END: ¿Y la producción de caña para otras zonas
arroceras no sería complementaria?
AMC: En Saldaña por ejemplo no se puede cultivar
caña. Para este municipio el Presidente nos dijo que cultiváramos hortalizas,
olvidando que en ese clima es imposible hacerlo. En Pajonales (Ambalema) hubo
un ingenio que se tuvo que cerrar porque
el grado de concentración de azúcares es mucho menor a la que se produce en el
Valle del Cauca.
END: El gobernador del Tolima está adelantando
contactos para iniciar la producción de
caña en la región. ¿Qué le diría al respecto?

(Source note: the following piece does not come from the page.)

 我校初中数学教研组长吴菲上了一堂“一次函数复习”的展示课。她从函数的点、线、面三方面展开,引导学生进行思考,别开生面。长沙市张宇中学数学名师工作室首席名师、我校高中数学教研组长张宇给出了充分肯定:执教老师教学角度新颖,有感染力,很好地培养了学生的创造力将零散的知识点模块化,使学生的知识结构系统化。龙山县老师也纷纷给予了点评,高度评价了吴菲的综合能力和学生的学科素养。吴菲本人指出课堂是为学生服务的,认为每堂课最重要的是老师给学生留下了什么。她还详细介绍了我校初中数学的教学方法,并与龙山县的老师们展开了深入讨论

AMC: Yo le pediría que tenga mucha prudencia a
la hora de definir en qué tipo de negocios nos va meter y supremo cuidado en ir
a embarcar en tierra caliente un cultivo como la caña que difícilmente
funcionaría. Le quiero recordar al Gobernador que para que la caña sea
productiva se requiere garantizar sus niveles de concentración, lo cual es muy
difícil en municipios como Guamo, Espinal, Purificación y Prado en donde las
temperaturas llegan a los 30 grados centígrados y que son municipios que se
encuentra entre los 300 y los 450 metros sobre el nivel del mar. Hay que
conocer que la concentración de los azúcares en la caña depende de cambios
bruscos en el clima (entre la noche y el día) que no se presentan en estas
zonas y que son comunes en el Valle del Cauca.
Yo si quisiera, tanto para los productores como
para los gobernantes en el Tolima, que tengan en cuenta los estudios de
Procaña, que cultivan en promedio unas 95 hectáreas por agricultor, que no son
unos pobres campesinos y son quienes precisamente se quejan de que son víctimas
de una relación jinete-caballo, en donde los ingenios son los que definen en
qué van a utilizar su producción y de qué forma se va a pagar.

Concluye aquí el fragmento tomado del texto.